What it takes to be an everyday superhero

Children with computer

Today’s kids — tomorrow’s superheroes? Who knows? Image courtesy of stockimages at freedigitalphotos.net.

Being an everyday superhero doesn’t always take physical strength, like Superman or the Hulk. More often, it’s a case of what’s inside you mentally: a firm, unwavering sense of what’s right and what’s wrong and acting on those beliefs to make one person or many feel better about their own lives.

Once upon a time in Holland, there was a young girl called Hannah. Hannah had a good childhood friend, Annaliese. The two girls were neighbors from age 4 to age 13.

During World War II, the two girls witnessed the gradual changes in their country: people disappearing, food rationing, restrictive laws. Annaliese and her family vanished from their home and were in Switzerland. Hannah stayed busy taking care of her little sister Gabi (her mother had died in childbirth) and the rest of her family.

Then the knock came on their door. Hannah and her family were taken to a concentration camp. Hannah and Gabi were separated from the older members of her family and transferred to another camp. Hannah heard from someone else that Annaliese and other Dutch people were nearby but separated from her by a fence; Annaliese was not in Switzerland as all their neighbors had assumed. Risking exposure and a bullet, Hannah slipped out at night, met with Annaliese, and threw some socks and food to her. Hannah had to do this twice because another person hit Annaliese the first time and ran off with the supplies.

I admire Hannah for her bravery in giving comfort to her childhood friend, at the risk to her own life. Annaliese, who the world would come to know as the diarist Anne Frank, did not survive, but Hannah went on to have a good life as a mother and grandmother. To learn more about Hannah, read the book Memoirs of Anne Frank: Reflections of a Childhood Friend by Alison Leske Gold.

The world is full of everyday superheroes like this — Swedish diplomat Raoul Wallenberg, German student Sophie Scholl, Canadian train dispatcher Vince Coleman and firefighters come to mind — but they don’t always get enough attention. I have two particular people who are my superheroes. Both saw a need and did something about it.

B. and K. helped me when I needed it most in the past 3 years.
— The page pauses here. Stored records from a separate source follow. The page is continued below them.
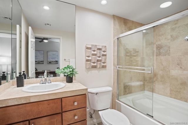 Live in the heart of it all! This move-in ready, two-story condo in Bankers Hill offers the perfect blend of modern style, everyday convenience, and unbeatable walkability. Just steps from Hob Nob Hill, Balboa Park, Downtown, and Little Italy, you’ll be surrounded by San Diego’s best dining, culture, and nightlife—no car needed. Inside, discover two spacious ensuite primary bedrooms, each with a walk-in closet and private bathroom—one featuring a luxurious soaking tub, the other a standing shower and barn door feature. The open-concept living area showcases walnut hardwood floors, a sleek kitchen with granite counters and stainless-steel appliances, plus a convenient powder room and full-size in-unit laundry. Enjoy morning coffee or evening wine on two private patios, and take advantage of rare extras like bonus storage closets, a shared bike room, and secure tandem parking with elevator access. When you’re not out exploring, unwind at The Lodge’s fitness center and BBQ patio, or head up to the 4th floor for panoramic views of downtown, the harbor, and planes gliding into San Diego Airport. Whether you’re a first-time buyer or looking for the perfect low-maintenance city home, this condo delivers the ultimate urban lifestyle in one of San Diego’s most vibrant, walkable neighborhoods. Bankers Hill, San Diego, offers a mix of attractions, from historical sites and cultural experiences to scenic views and delicious dining. Key highlights include the Spruce Street Suspension Bridge for a unique walk, the vibrant Balboa Park with its museums and gardens, and the culinary delights at Cucina Urbana, Azuki Sushi, Barrio Star, and more.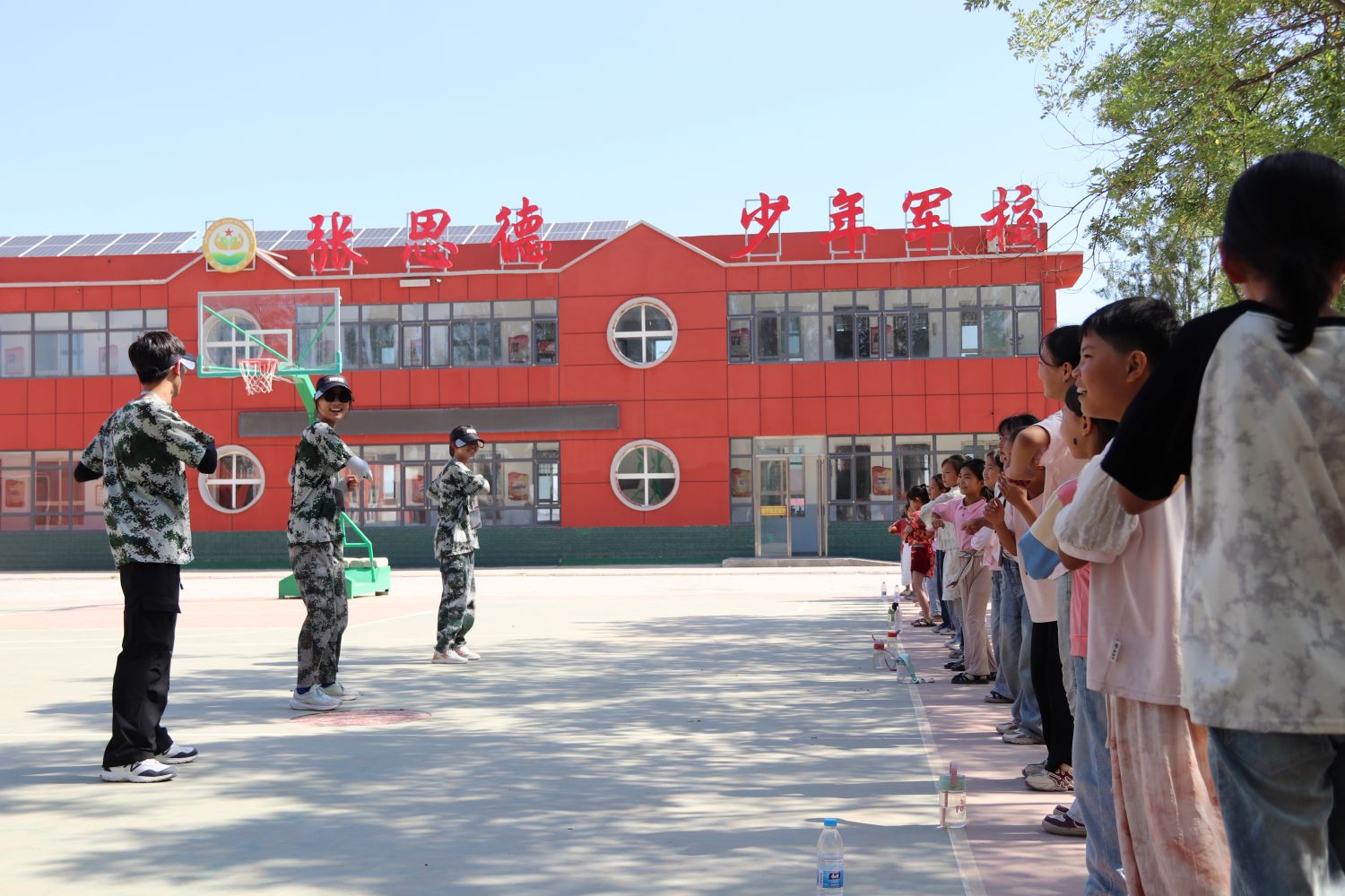 針對(duì)新泉小學(xué)的“少年軍校”特色,支教團(tuán)成員準(zhǔn)備了軍體拳特色體育課程。一拳一掌,強(qiáng)勁有力;一打一踹,整齊劃一;“殺”字鏗鏘,嘹亮回響。孩子們雙目炯炯,神采奕奕,彰顯出少年的血?dú)夥絼偂L(fēng)華正茂。
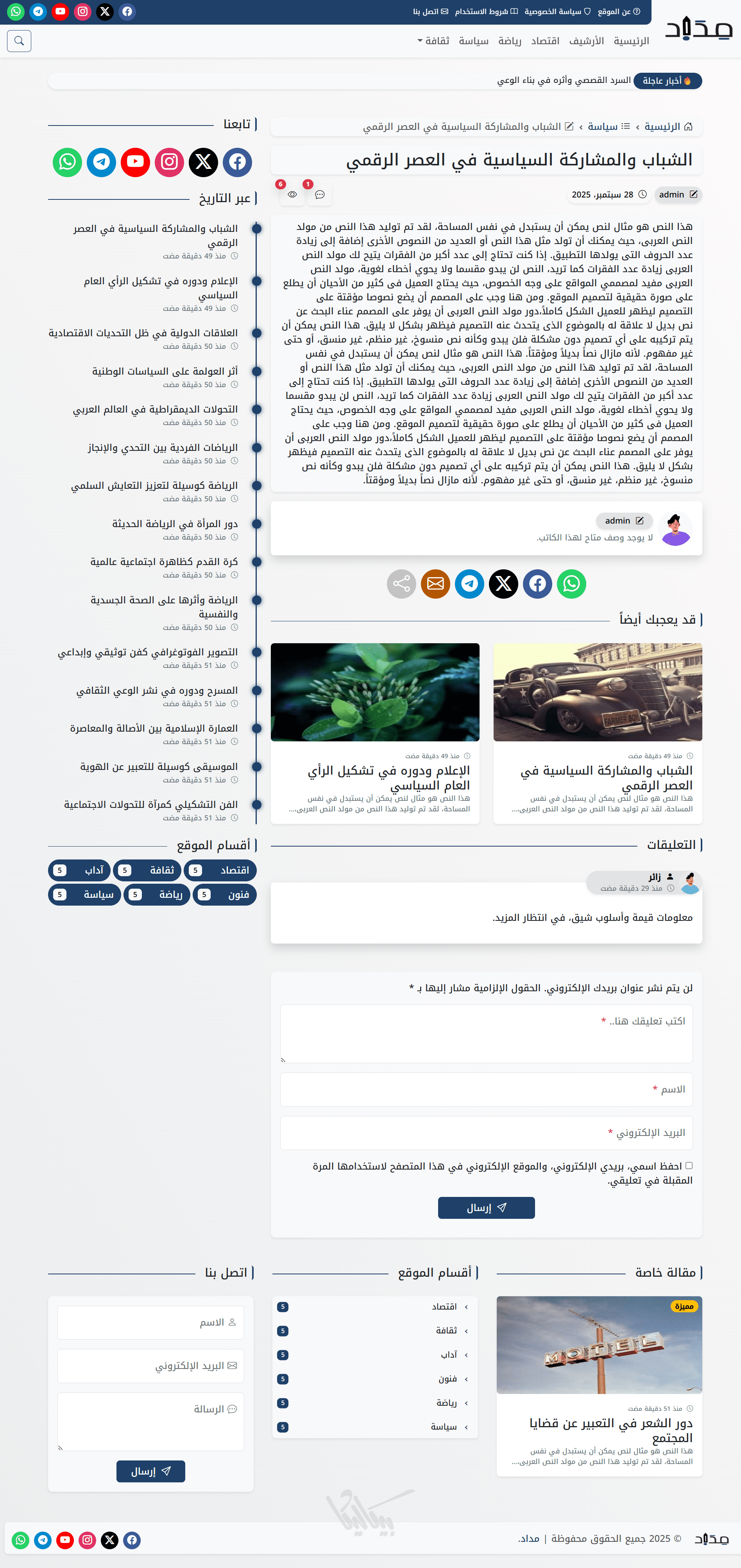 مِدَاد (Midad) هو قالب ووردبريس يجمع بين الأناقة والخفّة لمختلف الاستعمالات، تم تصميمه لتحقيق الأداء الأمثل مع تحسين الظهور على محركات البحث (SEO)، يتميز بتصميم حديث ومتجاوب ويعمل بشكل مثالي على جميع الأجهزة، تم بناء القالب وفقًا لأفضل الممارسات لضمان سرعة التحميل وتجربة مستخدم ممتازة.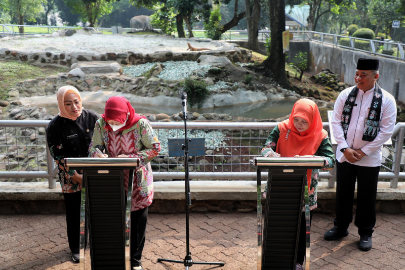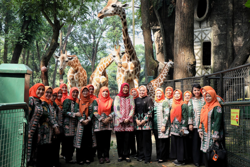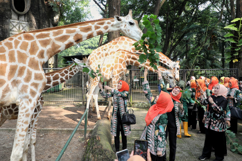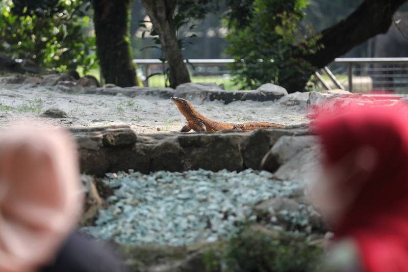 Penasihat Dharma Wanita Persatuan (DWP) Pemprov DKI Jakarta, Mirdiyanti Budi Hartono bersama Ketua Dharma Wanita Persatuan (DWP) DKI Jakarta, Endang Lestari Joko memberi nama dua komodo yang berada di Taman Margasatwa Ragunan (TMR), Pasar Minggu, Jakarta Selatan, Jumat (26/5). Dua nama pada komodo tersebut berasal dari singkatan Pj (Penjabat) yakni, Polita untuk komodo betina dan Juma untuk komodo jantan.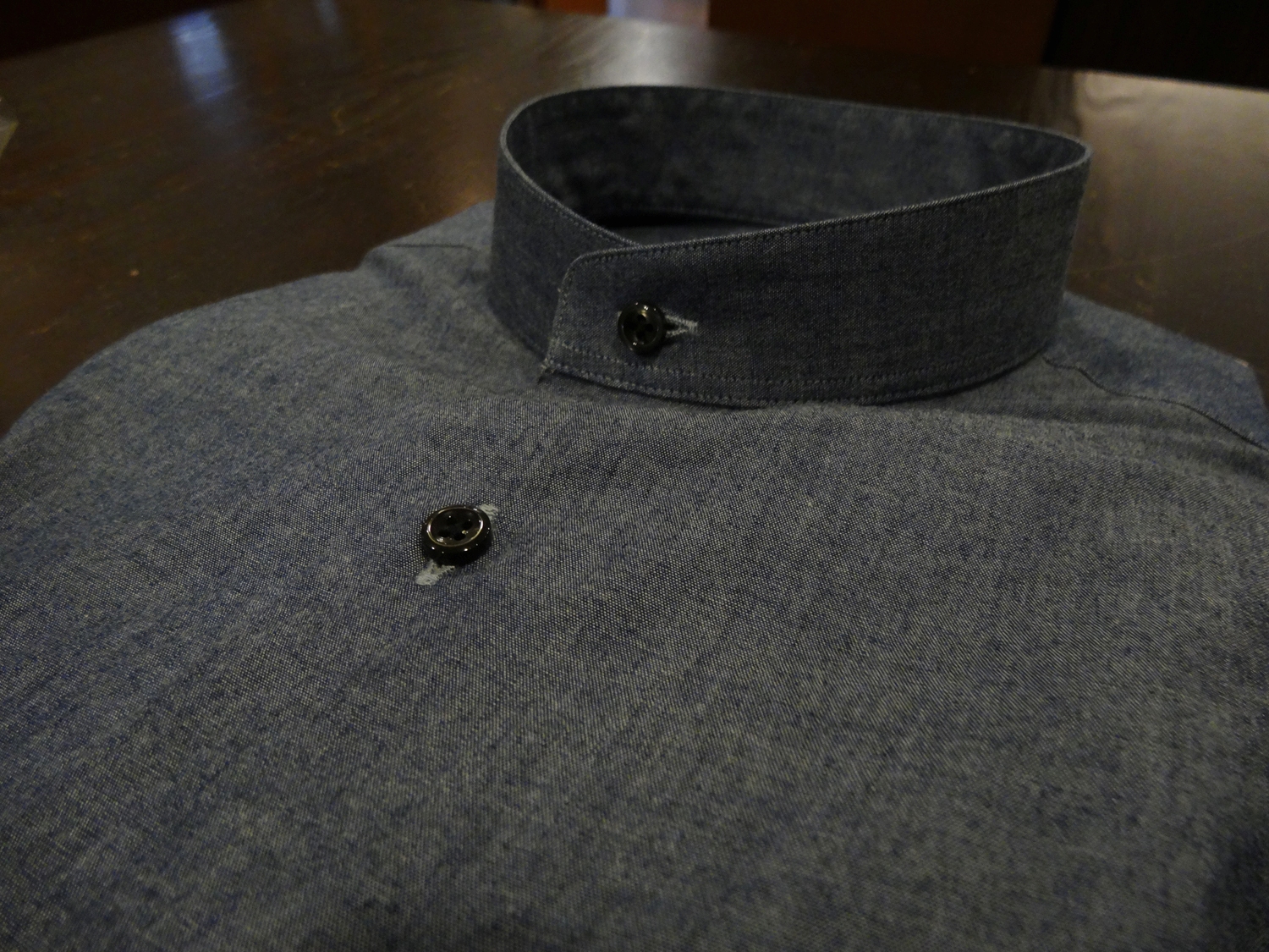 スタンドカラー、スタンドカラーシャツ、オーダーシャツ、インディゴ、藍染、デニム、バンドカラー、ZERBINO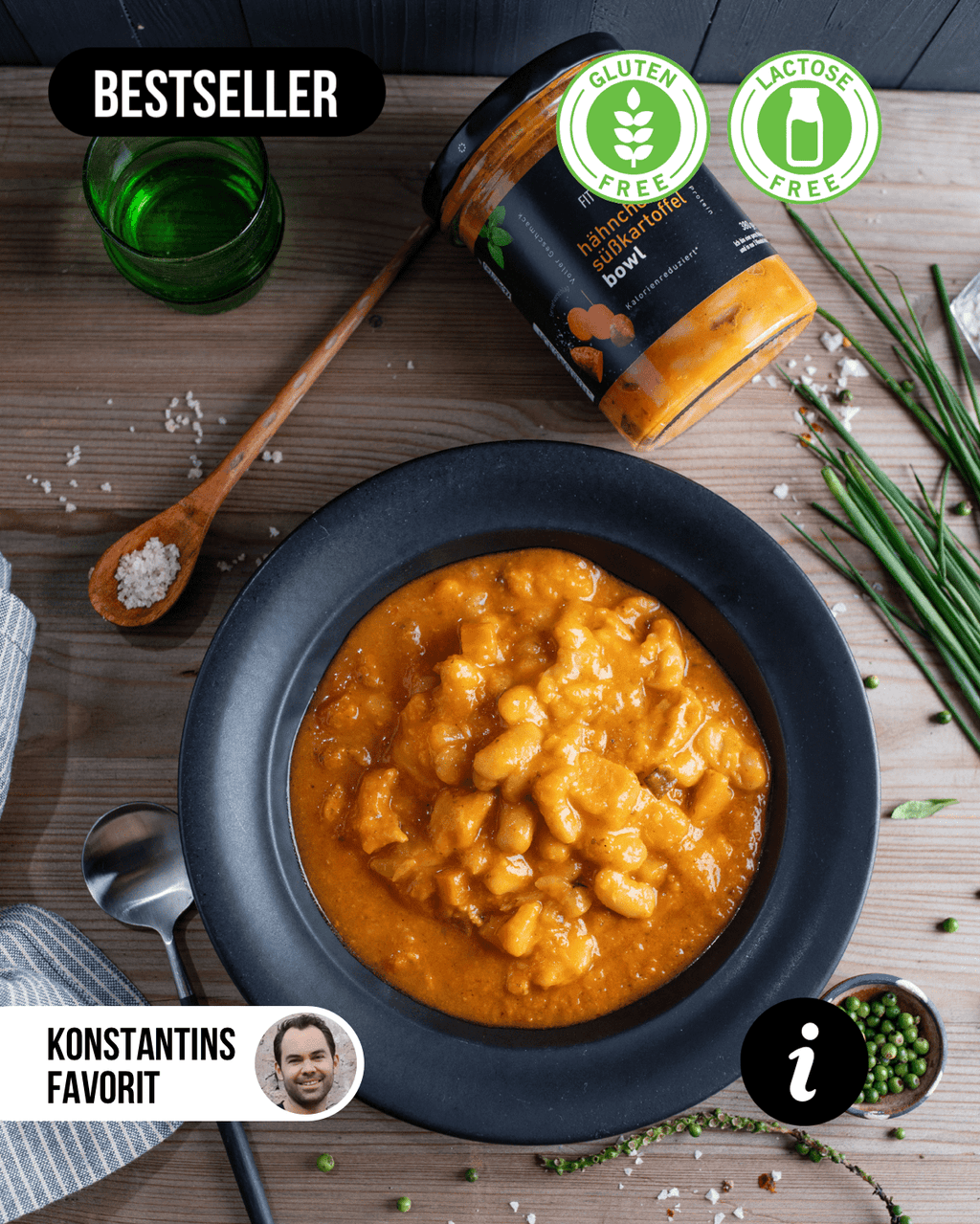 Die Gerichte verwenden wir nur gute Zutaten. Wir verzichten auf Zusatzstoffe und Einfachzucker. Alle Gerichte haben einen hohen Proteingehalt, gesunde Fetten und komplexe Kohlenhydrate.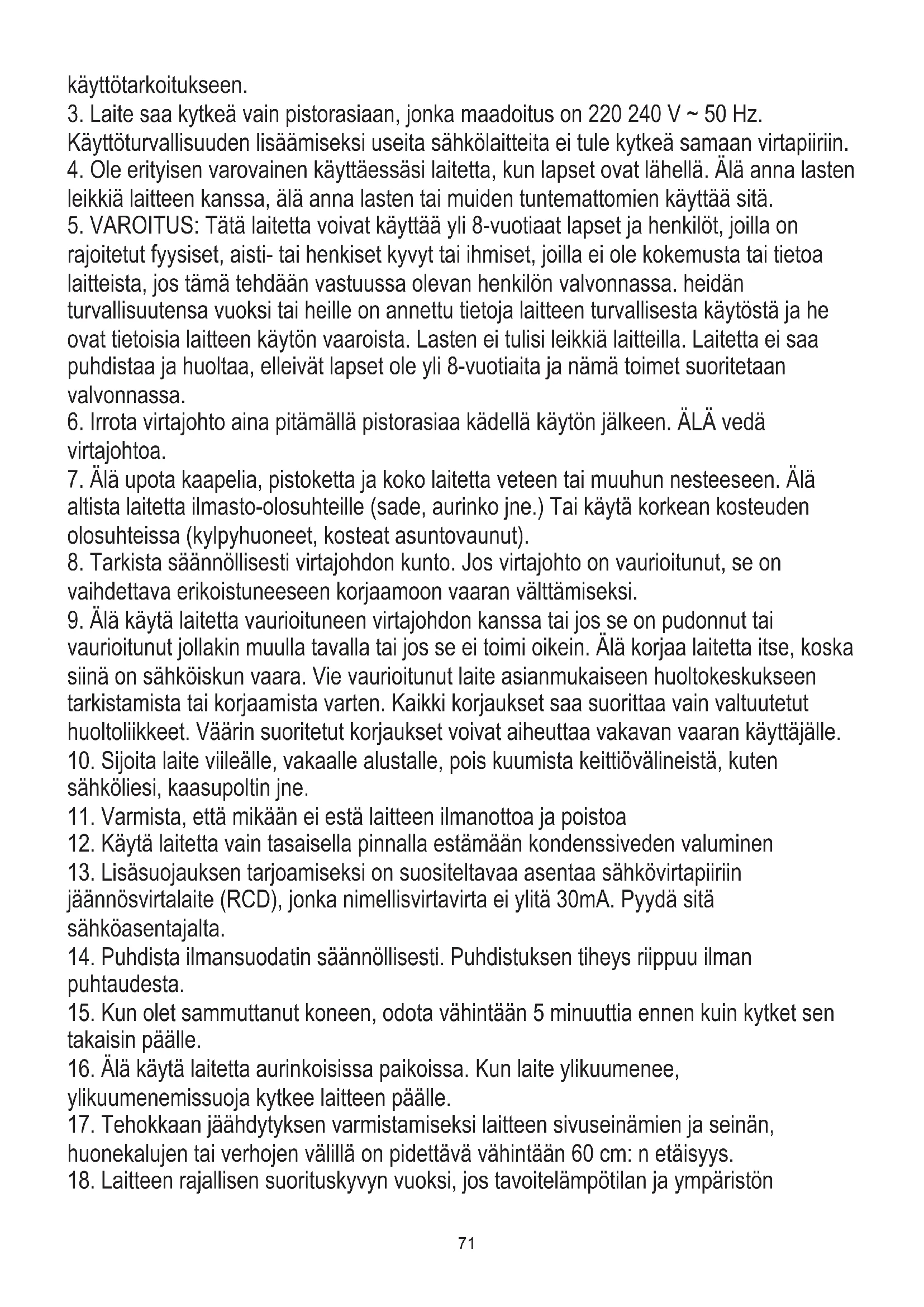 2. Laite on tarkoitettu vain kotikäyttöön. Älä käytä muihin tarkoituksiin, jotka eivät ole sen71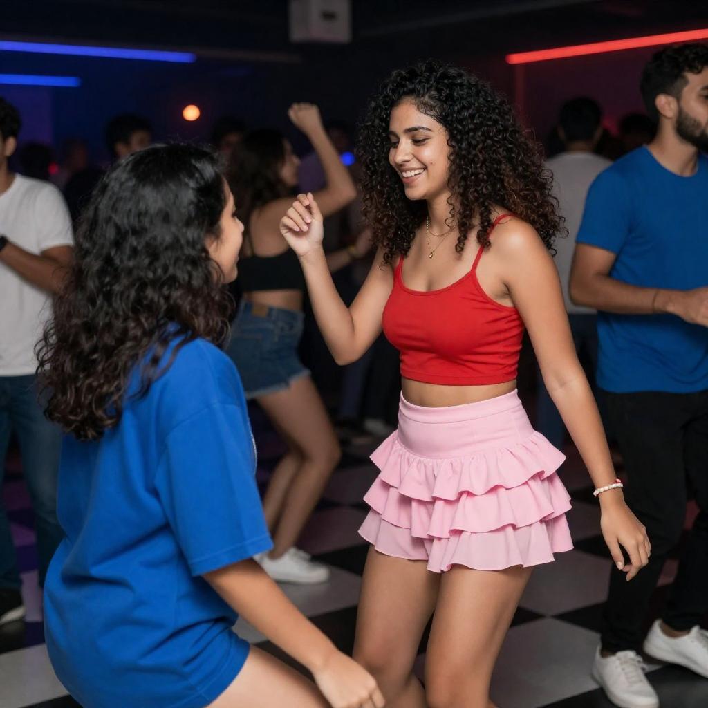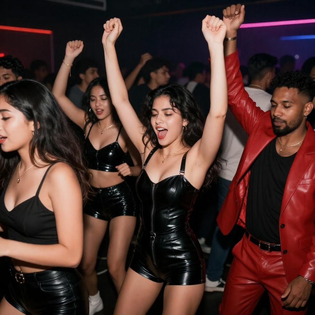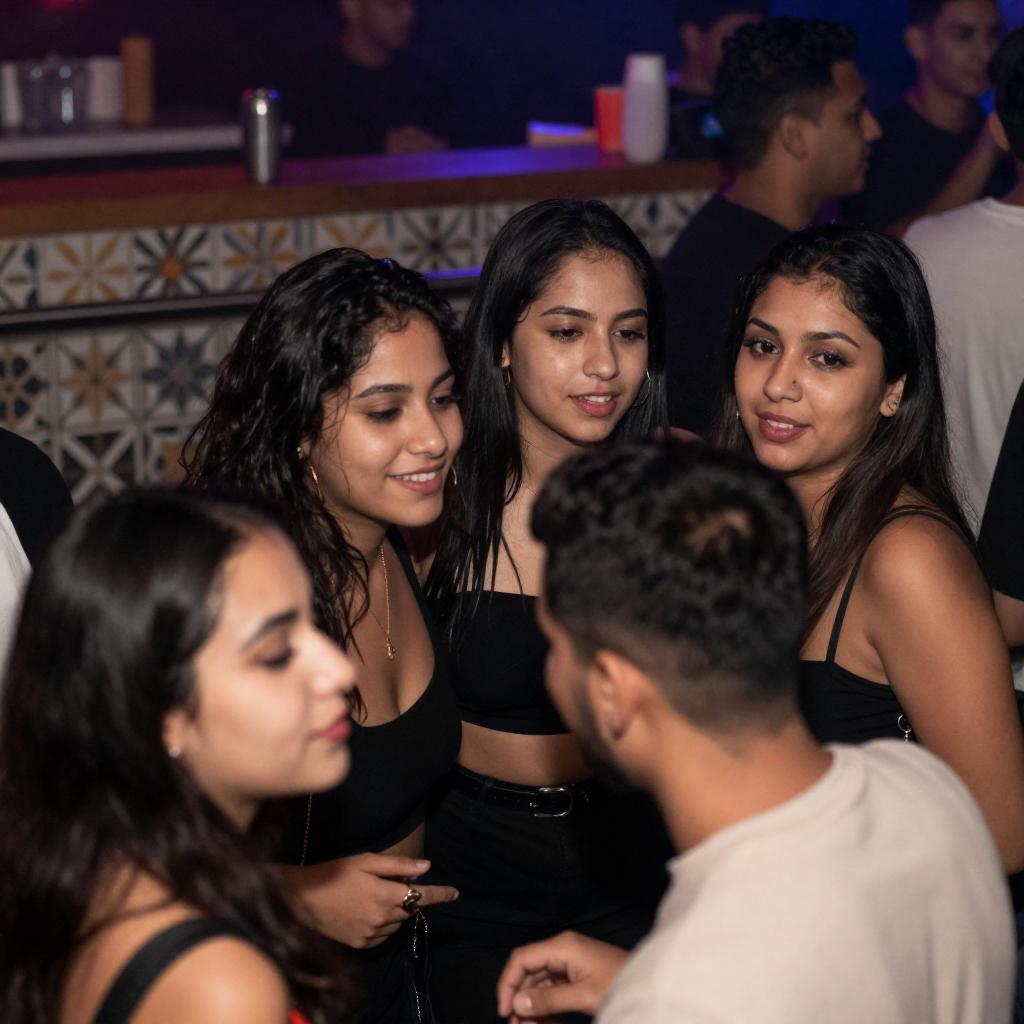 Photograph of four women in colorful jester costumes with pink and white hats, white ruffled collars, and pink thong underwear, dancing and smiling at a vibrant, crowded party. Bright neon lights and a tented background create a festive atmosphere. The women have tan skin and are posing playfully, with one kneeling in the front.

B. has an organization that helps hundreds of job hunters and I teach newbies how to use LinkedIn there. K. is the host of one of my tweetchats and has not only helped me but others, too.

I owe both of them and hope I can repay the favor one day. Or if I can’t pay them back, at least pay it forward to other people.

Video credit: xkkann on YouTube. Music: “Superhero” by Canadian singer Tim McMorris, who I’ve discovered with great delight. Tim has fantastic music; he’s worth a look on YouTube.




Filed under Writing

15 responses to “What it takes to be an everyday superhero

  1. Perhaps I’m just in a teary mood this morning, but this post brought me to tears. Your graciousness acknowledgement of your helpful friends is inspiring. I have long thought that we never say “Thank you” enough….Thank you for a lovely post!

    • The Anne Frank book and the music by Tim McMorris started it. They got me thinking about how the ordinary, non-famous people deserve recognition for the things they do — whether it’s moving forward against many of life’s odds, extending a helping hand or in Hannah’s case, helping a friend even though she risked her own life.

      Tim’s music seemed like the perfect accompaniment.

  2. I have, myself, recently discovered a whole bunch of superheroes among my friends. I never would have guessed it.

  3. It often takes disaster to show the real heroes among our friends. This post made me cry too. Thank you for sharing.

  4. TBM

    It is amazing when you hear stories like this. Some really have strength, compassion, and heart no matter what.

  5. Unfortunately the anti-heroes get better press. Nice job of giving your friends some space.

  6. I firmly believe that if the media would focus more on the good actions of everyday people, the benefits to society would be enormous. These are the people who make good role models for children.